For two n-dimensional vectors \(\varvec{x}=(x_1, x_2, \cdots , x_n)\) and \(\varvec{y}=(y_1, y_2, \cdots , y_n)\), the scalar product of them is the sum \(\sum _{i=1}^nx_iy_i\), which is also called dot product. The scalar product computation is a common step in many applications, such as computing Euclidean distance [6], item similarity [7], or trust value [8]. While the vectors \(\varvec{x}\) and \(\varvec{y}\) are holden by two different parties, it is a challenging problem to compute the scalar product of them without violating the privacy of any data. As one of most significant SMC protocols, scalar product protocol (SPP) aims at completing the challenging privacy preserving scalar product computation, i.e., computing the dot product and currently keeping each input vector private to its owner throughout the computation. SPP has been widely used in various privacy-preserving collaborative computation [6, 913]. As being a fundamental role, an efficient SPP can boost the practical process of privacy preserving distributed collaborative computation.

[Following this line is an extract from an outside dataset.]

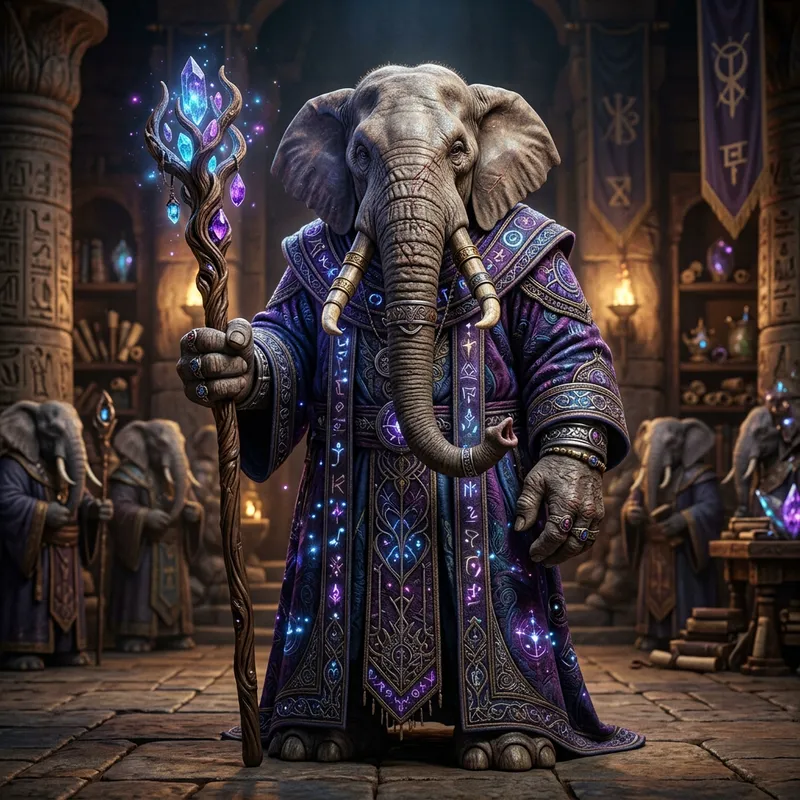 Imposing Loxodon Sorcerer: Majestic Fantasy Enchanter

Up to now, many schemes [1420] have been proposed to perform the privacy preserving scalar product computation. Du and Zhan presented two schemes in [14]: dot product protocol employing a commodity server and scalar product protocol using random invertible matrix. Nevertheless, the former one requiring a third party, i.e., the commodity server, which will bring about fully privacy disclosure once the third party colludes with any participant. The latter does not need the third party, but takes \(O(n^2)\) computation time which is not suitable for large-scale computation. Through algebraic transformation, another scalar product protocol was introduced in [15]. As yet, the scheme in [15] also needs \(O(n^2)\) time. In [17, 18], Zhu et al. discussed the relation of secure scalar product protocol and privacy preserving add to multiply protocol, but did not provide efficient solution for them. Based on the additively homomorphic encryption system, three solutions for securely computing dot product of private vectors are given in [16, 19, 21], respectively. As well known, homomorphic encryption system is quite expensive in real-world applications. Recently, a secret sharing-based scalar product protocol was presented by Shaneck and Kim [20]. Unfortunately, the solution also employs a third party, and while the third party colludes with a participant it will reveal the private data of the other participant. Lately, Zhu et al. [22, 23] proposed an efficient approach to securely compute the scalar product while the dimension n is even. The state-of-the-art scheme can achieve O(n) complexity without requiring any third party and public key encryption system.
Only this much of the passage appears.